Lightning: Utility-Driven Anonymization of High-Dimensional Data

The ARX Data Anonymization Tool is a software for privacy-preserving microdata publishing. It implements methods of statistical disclosure control and supports a wide variety of privacy models, which are used to specify disclosure risk thresholds. Data is mainly transformed with a combination of two methods: 1 global recoding with full-domain generalization of attribute values followed by 2 local recoding with record suppression. Within this transformation model, given a dataset with low dimensionality, it is feasible to compute an optimal solution with minimal loss of data quality. However, combinatorial complexity renders this approach impracticable for high-dimensional data. In this article, we describe the Lightning algorithm, a simple, yet effective, utility-driven heuristic search strategy which we have implemented in ARX for anonymizing high-dimensional datasets. Our work improves upon existing methods because it is not tailored towards specific models for measuring disclosure risks and data utility.

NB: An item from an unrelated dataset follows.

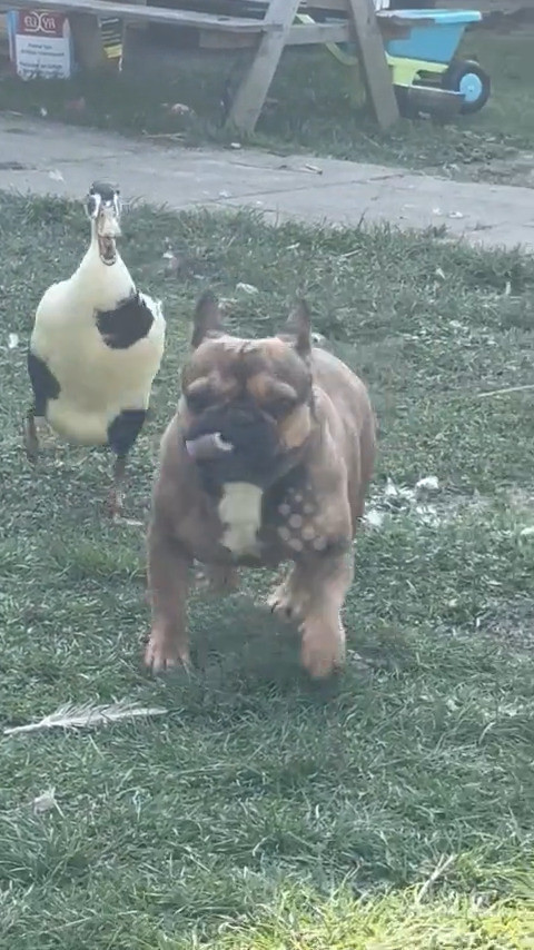 What ensues is a comical chase sequence that could easily be mistaken for a scene from a cartoon. Cookie, with an unexpected burst of speed and determination, begins to chase Schwein around the yard. The dog, initially taken aback, tries to maintain his cool demeanor but can't help but succumb to the duck's relentless pursuit. The roles have reversed, and now it's the duck who's in charge, leading the dog on a merry dance across the grass.

We have performed an extensive experimental evaluation in which we have compared our approach to state-of-the-art heuristic algorithms and a globally-optimal search algorithm. In this process, we have used several real-world datasets, different models for measuring data utility and a wide variety of privacy models. The results show that our method outperforms previous approaches in terms output quality, even when using k-anonymity, which is the model for which previous work has been designed.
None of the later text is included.